The old adage that the more things change the more they stay the same probably should be revised when it comes to contract terms: the more things stay the same the worse they get.
Tim Cummins, CEO of the International Association for Contract & Commercial Management (IACCM), expressed that thought in a recent Commitment Matters blog post about the need for a rebalancing of contract terms, especially in the area of risk allocation.
“The unfairness of risk allocation in contracts is one I have encountered many times during discussions in recent weeks,” he writes. “There is a feeling that large corporations and major public sector bodies have become more risk averse and have used current economic conditions to exert their strength – liabilities, indemnities, IP rights, termination provisions, performance criteria and (in the corporate sector) payment terms have been areas of focus.”
These same organizations “think nothing of using their power to force unilateral renegotiation when conditions change,” Tim continues. “Overall, I think things have become worse.”
There’s a persistent belief that harsh, muscular terms will drive performance. For complicated or long-term relationships, “all the evidence points the other way … unfairness undermines loyalty and commitment, leading to poorer outcomes and therefore added risk.”
Recognition of this problem goes back more than 40 years. In 1968 the legal scholar Ian R. Macneil observed that most contracts are ill-equipped to address the reality of business needs. In Contracts: Instruments for Social Cooperation, he wrote that contracts are rooted in the classical approach to contract law and thus crafted to address transactions and legal protections such as pricing and price changes, service levels, limitation of liability, indemnification and liquidated damages.
Macneil was instrumental in developing a wider view of the contract, called relational contract theory. He contended that business-to-business contracts should be “instruments for social cooperation,” adding that contracts can be “governed efficiently only if the parties adopt a consciously cooperative attitude.” He said that contracts are rooted in relationships and activities that have a large context, rather than as the discrete transactions prescribed in a contract.
Macneil challenged lawyers to rethink their approach to business-to-business agreements and criticized the classic approaches to contract law.
That rethinking really has not occurred in a comprehensive way. An April 2010 study by the IACCM concluded that contract terms remain mired in the classical legal approach of contract law, focusing almost exclusively and hierarchically on pricing, limiting liability, indemnification, service and transaction levels, risk mitigation, and liquidated damages.

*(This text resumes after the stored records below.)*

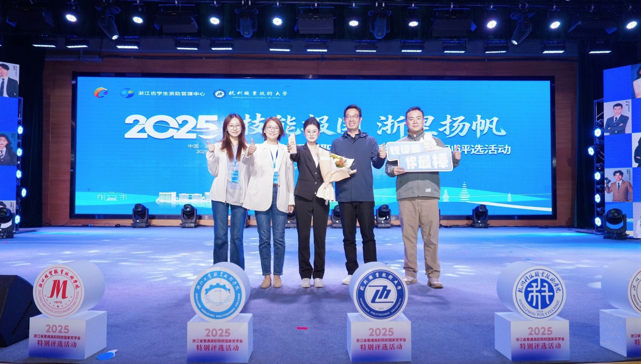 展示环节,选手们结合专业学习、科研竞赛等领域分享成长故事。他们中既有手握专利的技术尖兵,也有反哺乡邻的实践先锋,充分展现浙江高职学子的综合素养与责任担当。评选采用评审系统现场投票,经过激烈角逐,我校学子钱诗蝶等10名学生获得2025年浙江省普通高职院校国家奖学金特别推荐资格,这也是我校第五次获此资格。
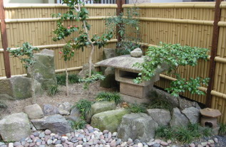 人工竹フェンスの施工と同時に、灯篭や石を移動して 植栽コーナーを作りました。石材等の追加はせず、 お庭に散らばっていた石や樹をまとめました。 室内からのフォーカルポイントを一点に集め、 同時にガレージを広げることができました。
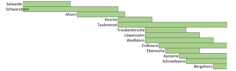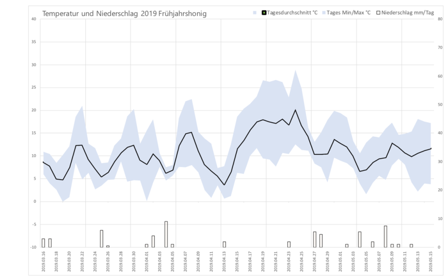 Unten seht ihr den Temperatur- und Niederschlagsverlauf während des Eintrags des Frühjahrshonigs. Es handelt sich um eigene Messungen an unserem Standort in Sudmühle. Darüber hinaus sind in einem Blühkalender die wichtigen Trachtpflanzen dargestellt.
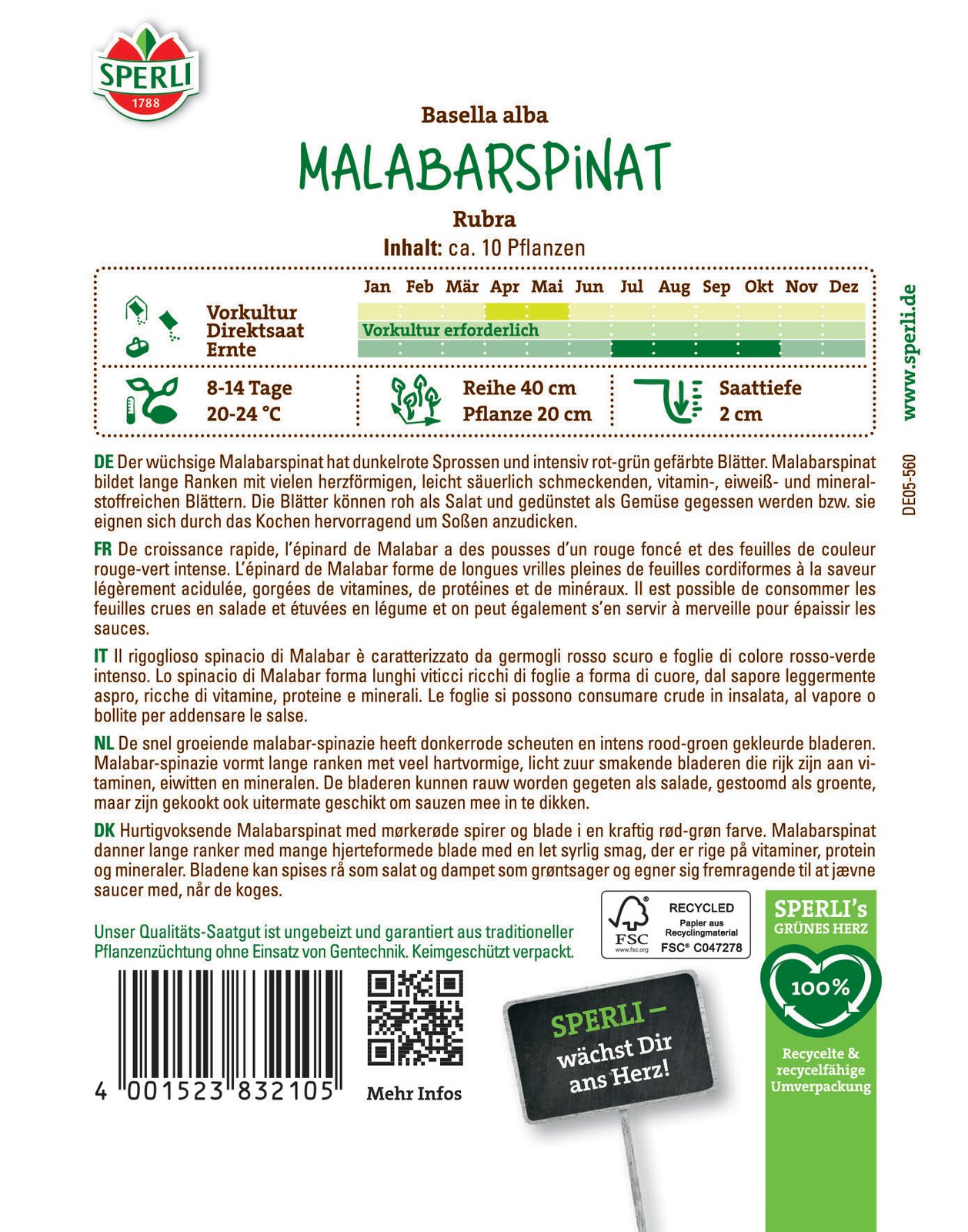 Der wüchsige Malabarspinat hat dunkelrote Sprossen und intensiv rot-grün gefärbte Blätter. Malabarspinat bildet lange Ranken mit vielen herzförmigen, leicht säuerlich schmeckenden, vitamin-, eiweiß- und mineralstoffreichen Blättern. Die Blätter können roh als Salat und gedünstet als Gemüse gegessen werden bzw. sie eignen sich durch das Kochen hervorragend um Soßen anzudicken.
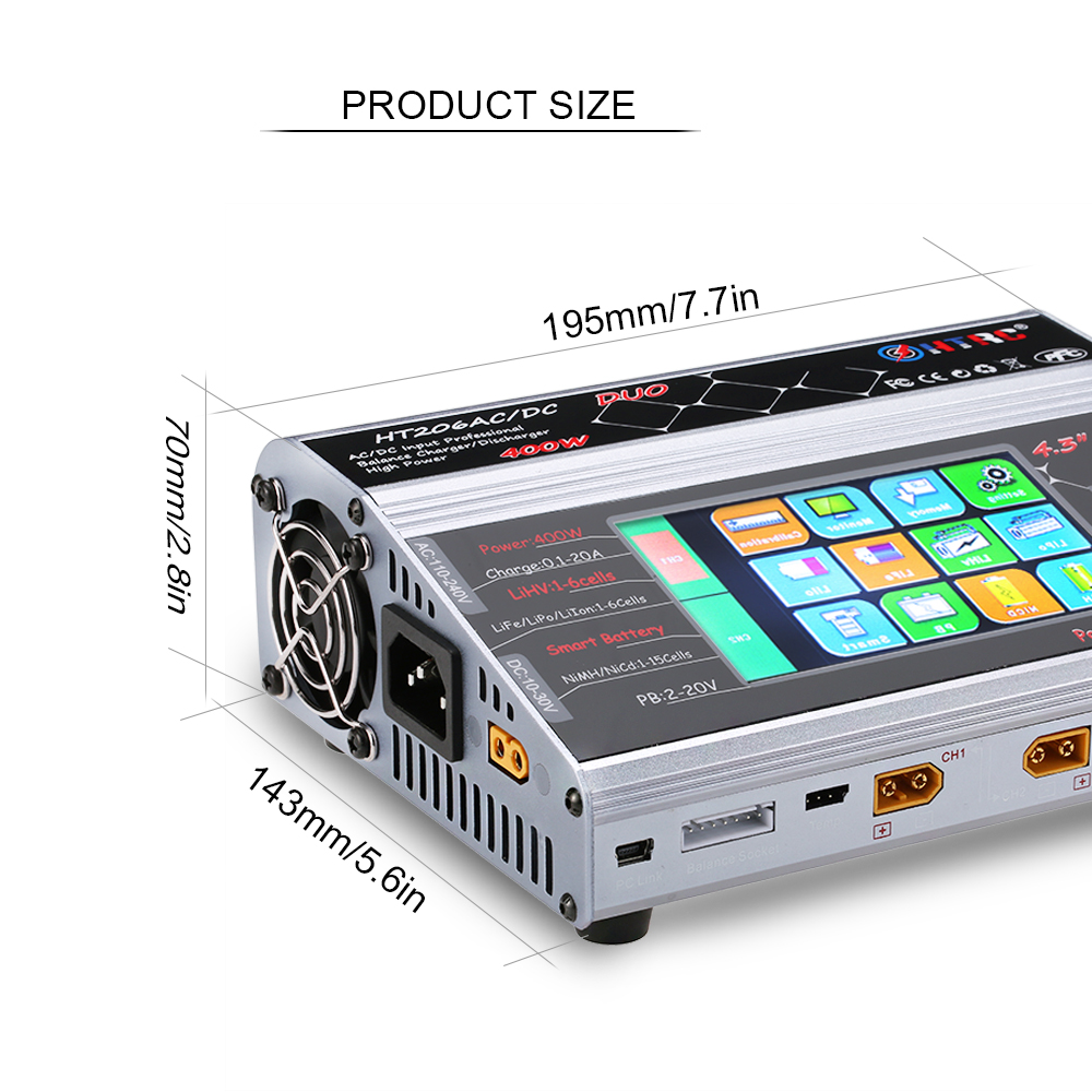 Designed by professionals, this system is extremely versatile. This charger with special vertical appearance , and it has 4.3" display touch color screen for you to easy operation and convenient to use. Besides, it also with rudder pads, so it can prevent sliding and the air can circulate. It's for a variety of batteries, it also has independent input and output, its max charger power is 400W and max discharger power is 50W. With balance function, it can protect battery life. So it is very useful for you, come and get its soon.
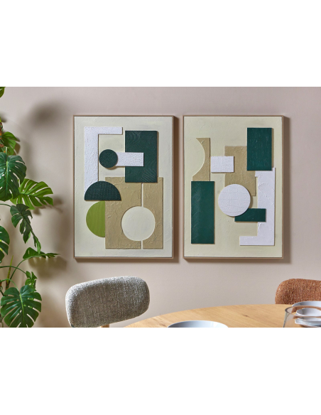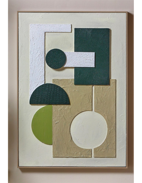 Cuadro abstracto relieves verdes blancos con marco, una pieza artística en la que las formas geométricas y texturas en relieve se combinan en tonos verdes y blancos para aportar frescura y dinamismo. Su acabado moderno y elegante convierte cualquier pared en un punto focal, ideal tanto para salones como para despachos contemporáneos. Con bastidor de pino y colgadores para posición vertical, es perfecto para quienes buscan un arte decorativo versátil y duradero que aporte estilo a su hogar.
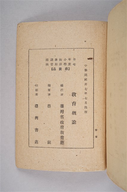 臺灣省政府教育廳編行《小學教員暑期講習講義之五:教育概論》

Though Tim says things are worse he also sees some light end of the tunnel. “I have the impression that an increasing number of organizations are starting to question their approach. This is leading to a number who have renounced liquidated damages; some who are questioning how they can be more intelligent in protecting (and exploiting IP); others who are looking for shared approaches to governance through better change provisions, escalation procedures and added flexibility through mechanisms such as ‘hardship clauses’. I believe the door is opening for those suppliers who engage early and demonstrate their capabilities and commitment to deliver.”
The Vested Outsourcing Manual addresses this longstanding contracting problem by changing the way companies and service providers interact. Job one is collaboration and a non-adversarial mindset in which the parties sit with each other at the conference table and jointly discuss their intentions, objectives and Desired Outcomes before they think about final contract terms.
I heartily agree with Tim that “relationships that extend beyond a few transactions will always depend on trust and cooperation. Failure to establish and sustain these characteristics will always result in degraded performance and missed opportunities.”
A Vested Outsourcing partnership is based on trust, cooperation and contracts that are real, sustainable and aligned for the long-term win-win.